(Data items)
-- Opening Marker --
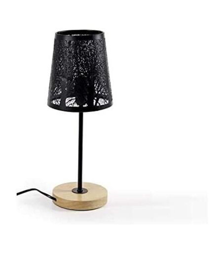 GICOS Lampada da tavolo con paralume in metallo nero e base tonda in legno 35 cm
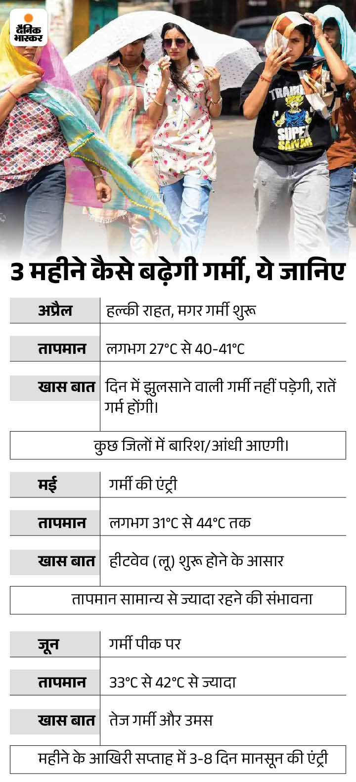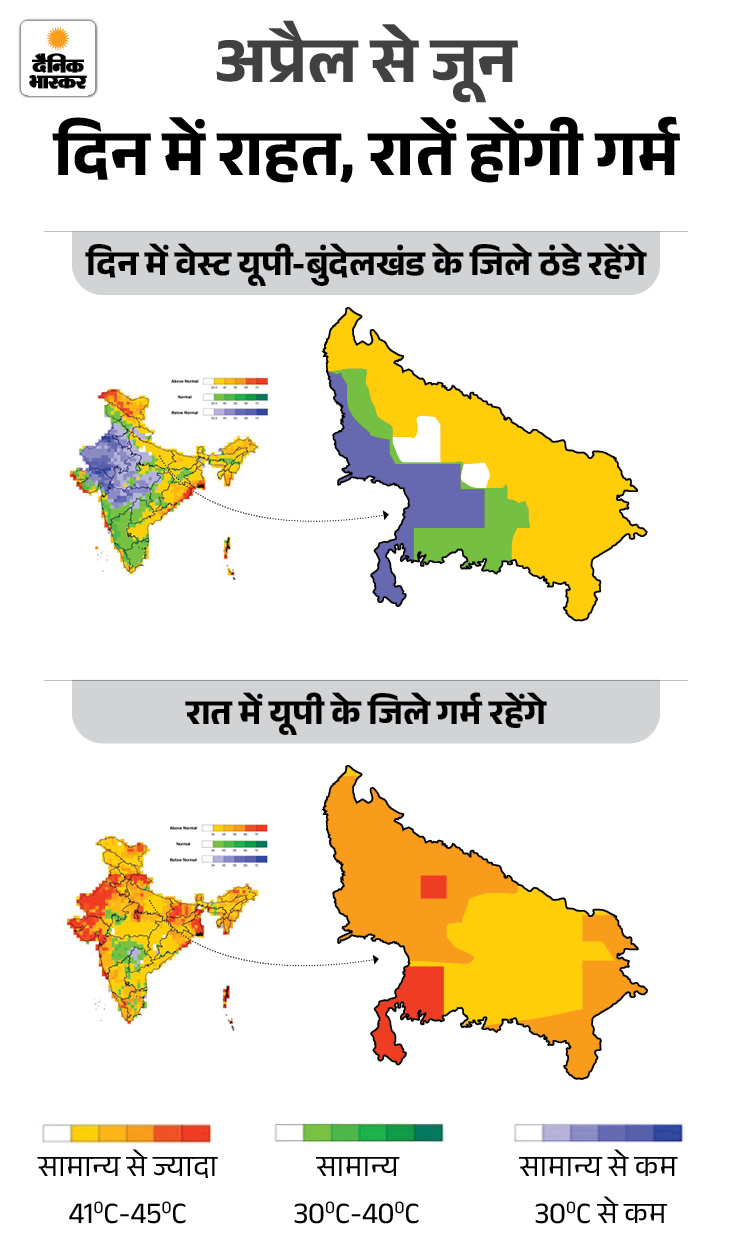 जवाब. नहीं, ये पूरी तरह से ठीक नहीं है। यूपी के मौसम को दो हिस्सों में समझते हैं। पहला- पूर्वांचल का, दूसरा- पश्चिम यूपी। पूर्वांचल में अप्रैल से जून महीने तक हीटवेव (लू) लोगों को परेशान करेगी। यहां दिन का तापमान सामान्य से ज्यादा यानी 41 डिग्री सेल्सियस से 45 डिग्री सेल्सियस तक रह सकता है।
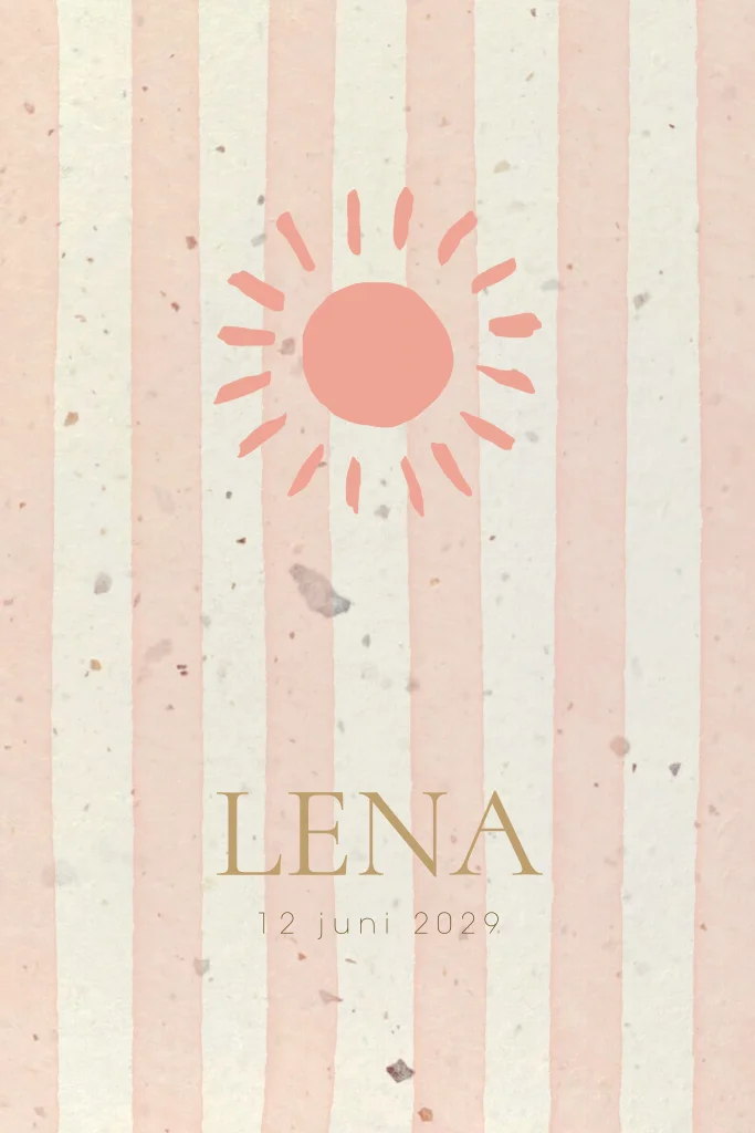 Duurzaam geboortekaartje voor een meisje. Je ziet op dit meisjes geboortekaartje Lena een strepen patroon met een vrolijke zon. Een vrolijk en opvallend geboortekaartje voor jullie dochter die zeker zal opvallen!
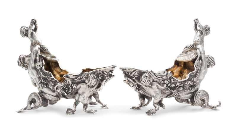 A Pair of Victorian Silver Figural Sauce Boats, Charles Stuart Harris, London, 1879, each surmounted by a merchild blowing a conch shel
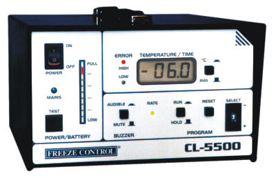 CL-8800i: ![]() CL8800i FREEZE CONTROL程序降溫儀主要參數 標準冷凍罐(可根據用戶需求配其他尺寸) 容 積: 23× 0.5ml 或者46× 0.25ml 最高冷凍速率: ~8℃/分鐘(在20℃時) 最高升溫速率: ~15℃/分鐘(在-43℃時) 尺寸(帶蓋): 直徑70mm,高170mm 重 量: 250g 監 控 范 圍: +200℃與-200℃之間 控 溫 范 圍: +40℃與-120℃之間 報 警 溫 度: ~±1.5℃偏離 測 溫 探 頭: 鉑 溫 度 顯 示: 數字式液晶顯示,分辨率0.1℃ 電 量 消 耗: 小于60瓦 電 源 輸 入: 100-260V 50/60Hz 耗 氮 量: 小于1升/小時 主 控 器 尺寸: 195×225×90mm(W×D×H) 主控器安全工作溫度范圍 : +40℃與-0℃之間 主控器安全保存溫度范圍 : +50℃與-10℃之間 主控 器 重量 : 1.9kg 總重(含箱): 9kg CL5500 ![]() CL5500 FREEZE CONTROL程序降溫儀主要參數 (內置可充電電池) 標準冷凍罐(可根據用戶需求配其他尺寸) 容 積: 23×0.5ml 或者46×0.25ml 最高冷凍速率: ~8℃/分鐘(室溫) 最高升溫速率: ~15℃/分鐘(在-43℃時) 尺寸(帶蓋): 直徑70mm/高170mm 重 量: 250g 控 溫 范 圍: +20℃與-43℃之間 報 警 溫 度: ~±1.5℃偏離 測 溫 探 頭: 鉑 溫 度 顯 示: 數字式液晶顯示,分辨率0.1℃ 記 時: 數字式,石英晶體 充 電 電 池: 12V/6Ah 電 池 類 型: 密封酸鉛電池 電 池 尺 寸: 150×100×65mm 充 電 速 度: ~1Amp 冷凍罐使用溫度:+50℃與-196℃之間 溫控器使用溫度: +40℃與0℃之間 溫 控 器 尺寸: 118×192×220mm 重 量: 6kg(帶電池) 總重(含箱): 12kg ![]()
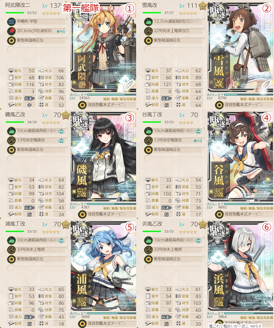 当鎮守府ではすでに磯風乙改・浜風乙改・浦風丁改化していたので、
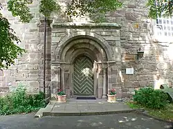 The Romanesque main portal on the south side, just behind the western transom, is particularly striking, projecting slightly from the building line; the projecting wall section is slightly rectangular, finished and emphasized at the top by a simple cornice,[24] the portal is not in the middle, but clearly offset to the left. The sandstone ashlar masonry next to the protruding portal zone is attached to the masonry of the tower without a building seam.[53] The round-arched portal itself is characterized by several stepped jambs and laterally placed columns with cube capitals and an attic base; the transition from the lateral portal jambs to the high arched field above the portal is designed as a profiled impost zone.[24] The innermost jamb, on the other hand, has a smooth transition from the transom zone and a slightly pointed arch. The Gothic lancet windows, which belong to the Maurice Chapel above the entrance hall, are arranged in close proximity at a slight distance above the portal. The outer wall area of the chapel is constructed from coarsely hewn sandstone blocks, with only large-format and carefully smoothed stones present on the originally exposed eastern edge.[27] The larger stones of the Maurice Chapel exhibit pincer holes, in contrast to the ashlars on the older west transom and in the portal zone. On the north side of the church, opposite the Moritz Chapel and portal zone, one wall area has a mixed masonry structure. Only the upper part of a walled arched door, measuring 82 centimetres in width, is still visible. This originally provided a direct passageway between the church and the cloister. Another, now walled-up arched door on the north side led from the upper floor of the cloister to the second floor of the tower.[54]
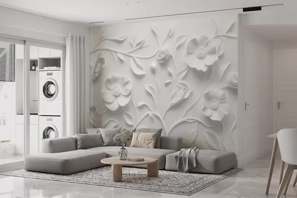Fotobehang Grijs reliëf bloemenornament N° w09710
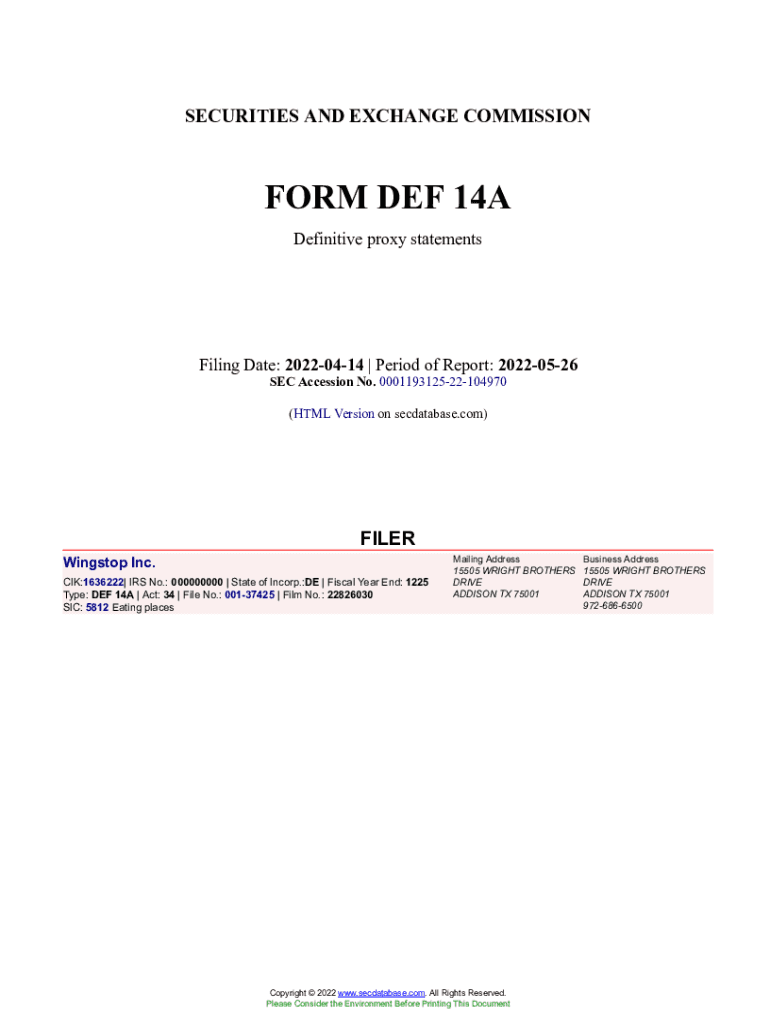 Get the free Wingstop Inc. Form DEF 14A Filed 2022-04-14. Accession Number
-- Closing Marker --
# Directions for this task:
Begin at the first line of the records. Print every line through the one containing "जवाब. नहीं, ये" exactly, but skip the pictures.

# Your response:
 GICOS Lampada da tavolo con paralume in metallo nero e base tonda in legno 35 cm
 जवाब. नहीं, ये पूरी तरह से ठीक नहीं है। यूपी के मौसम को दो हिस्सों में समझते हैं। पहला- पूर्वांचल का, दूसरा- पश्चिम यूपी। पूर्वांचल में अप्रैल से जून महीने तक हीटवेव (लू) लोगों को परेशान करेगी। यहां दिन का तापमान सामान्य से ज्यादा यानी 41 डिग्री सेल्सियस से 45 डिग्री सेल्सियस तक रह सकता है।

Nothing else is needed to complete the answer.